EXERCISE
Starting with the line that holds "Bevor am Abend" and stopping after the line that holds "张威威同志首先介绍了2018", repeat the lines below word for word, without the pictures.

ENTRIES SUPPLIED
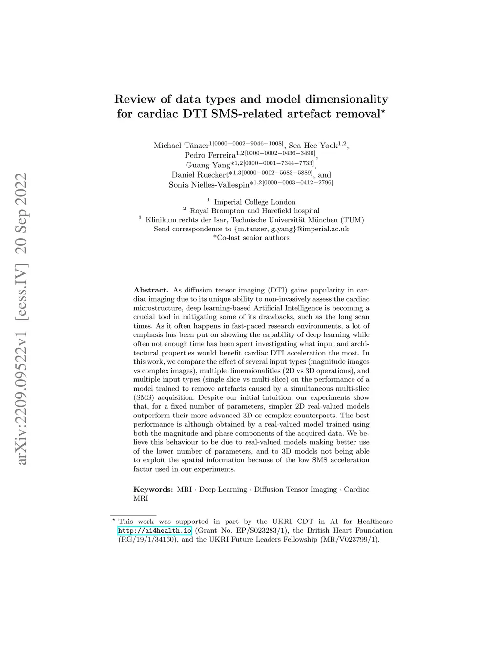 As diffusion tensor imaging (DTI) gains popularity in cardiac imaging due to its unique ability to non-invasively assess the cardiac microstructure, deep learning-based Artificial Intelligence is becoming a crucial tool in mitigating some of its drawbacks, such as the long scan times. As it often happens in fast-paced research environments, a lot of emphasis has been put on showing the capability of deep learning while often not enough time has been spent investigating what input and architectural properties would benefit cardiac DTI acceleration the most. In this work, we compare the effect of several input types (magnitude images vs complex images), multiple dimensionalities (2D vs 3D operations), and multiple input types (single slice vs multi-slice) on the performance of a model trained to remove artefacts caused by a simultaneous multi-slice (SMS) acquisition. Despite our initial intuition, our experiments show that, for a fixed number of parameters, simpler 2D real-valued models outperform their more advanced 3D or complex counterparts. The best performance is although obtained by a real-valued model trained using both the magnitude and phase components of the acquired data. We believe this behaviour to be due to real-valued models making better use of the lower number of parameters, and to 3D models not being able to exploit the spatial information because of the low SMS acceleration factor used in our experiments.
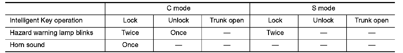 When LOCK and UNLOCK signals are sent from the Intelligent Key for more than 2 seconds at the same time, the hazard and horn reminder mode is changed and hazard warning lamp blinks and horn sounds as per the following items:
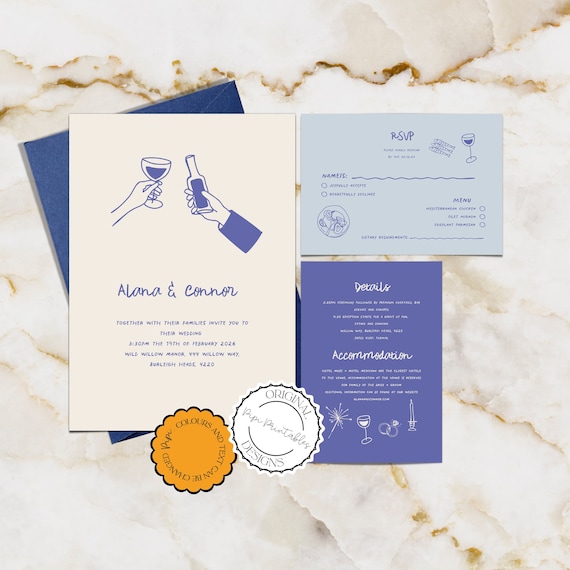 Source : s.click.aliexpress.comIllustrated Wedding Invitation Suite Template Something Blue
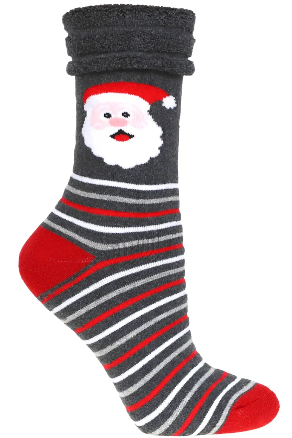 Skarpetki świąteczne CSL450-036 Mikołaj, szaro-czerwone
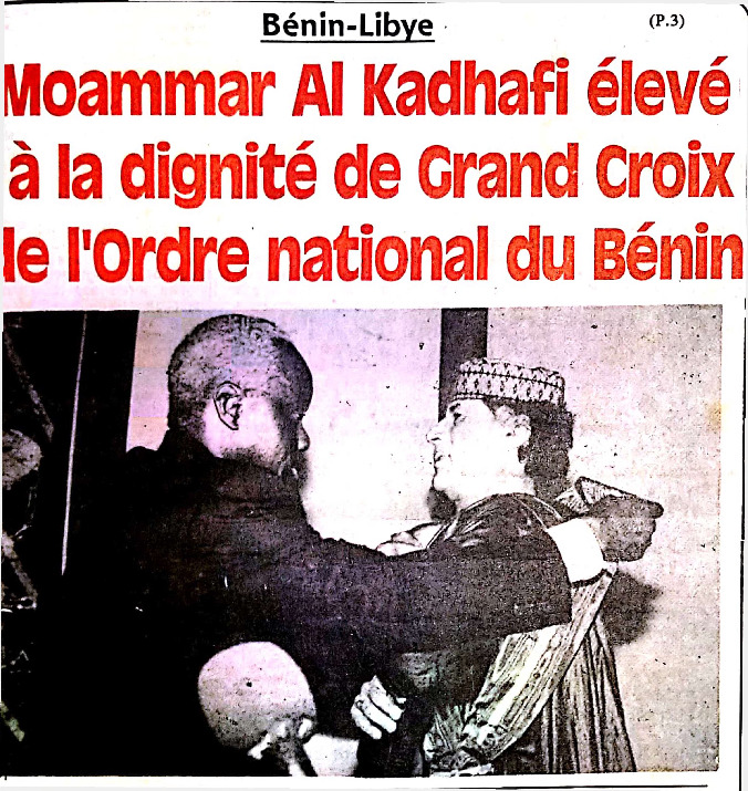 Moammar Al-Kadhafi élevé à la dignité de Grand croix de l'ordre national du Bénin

...

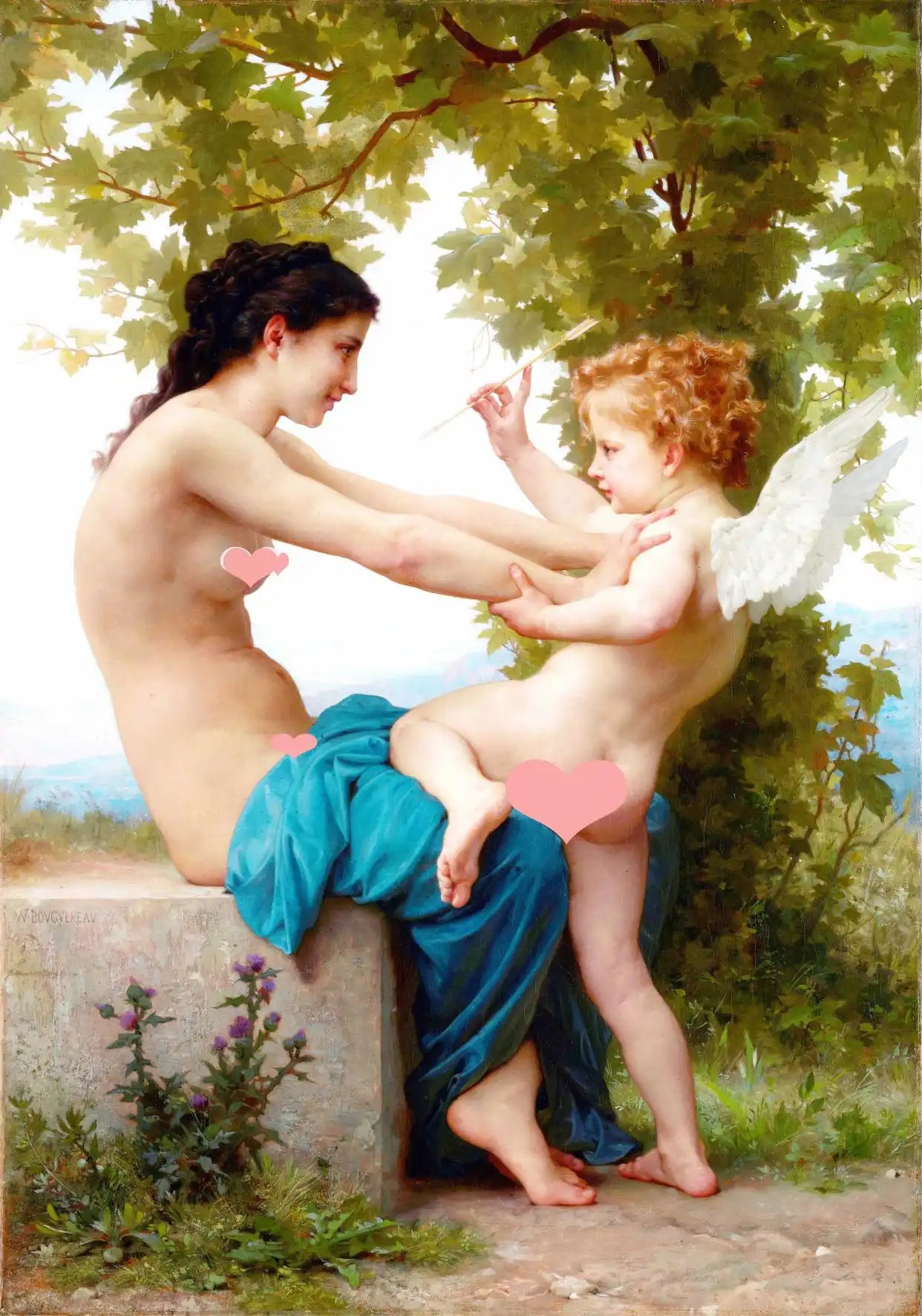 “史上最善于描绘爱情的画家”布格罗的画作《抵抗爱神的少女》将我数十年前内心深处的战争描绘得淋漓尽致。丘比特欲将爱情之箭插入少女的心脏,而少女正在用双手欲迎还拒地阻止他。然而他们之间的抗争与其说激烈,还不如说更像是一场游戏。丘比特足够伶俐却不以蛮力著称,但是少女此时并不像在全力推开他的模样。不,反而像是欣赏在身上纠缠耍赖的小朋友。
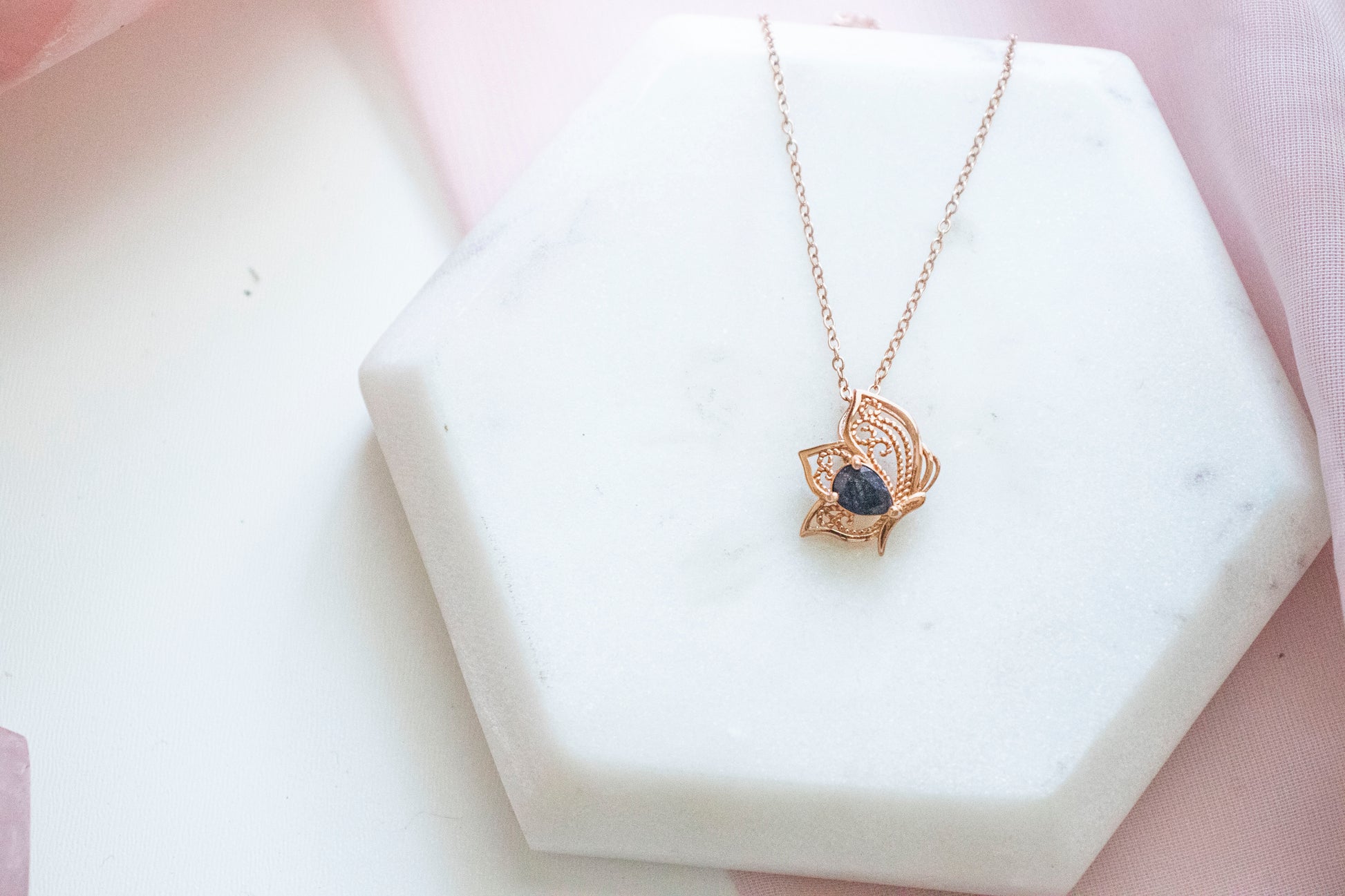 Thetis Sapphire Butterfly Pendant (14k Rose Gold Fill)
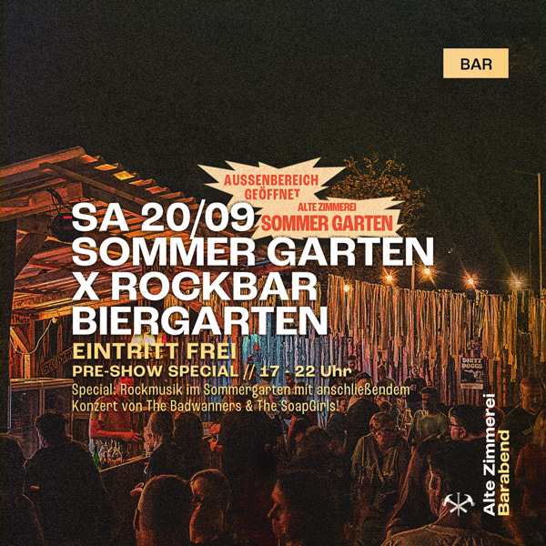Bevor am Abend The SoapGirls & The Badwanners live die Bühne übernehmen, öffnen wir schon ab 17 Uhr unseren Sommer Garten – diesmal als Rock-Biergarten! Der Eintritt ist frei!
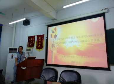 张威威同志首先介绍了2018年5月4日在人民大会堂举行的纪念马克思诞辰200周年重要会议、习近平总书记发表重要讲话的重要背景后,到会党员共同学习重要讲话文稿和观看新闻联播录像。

FINAL ANSWER
Bevor am Abend The SoapGirls & The Badwanners live die Bühne übernehmen, öffnen wir schon ab 17 Uhr unseren Sommer Garten – diesmal als Rock-Biergarten! Der Eintritt ist frei!
 张威威同志首先介绍了2018年5月4日在人民大会堂举行的纪念马克思诞辰200周年重要会议、习近平总书记发表重要讲话的重要背景后,到会党员共同学习重要讲话文稿和观看新闻联播录像。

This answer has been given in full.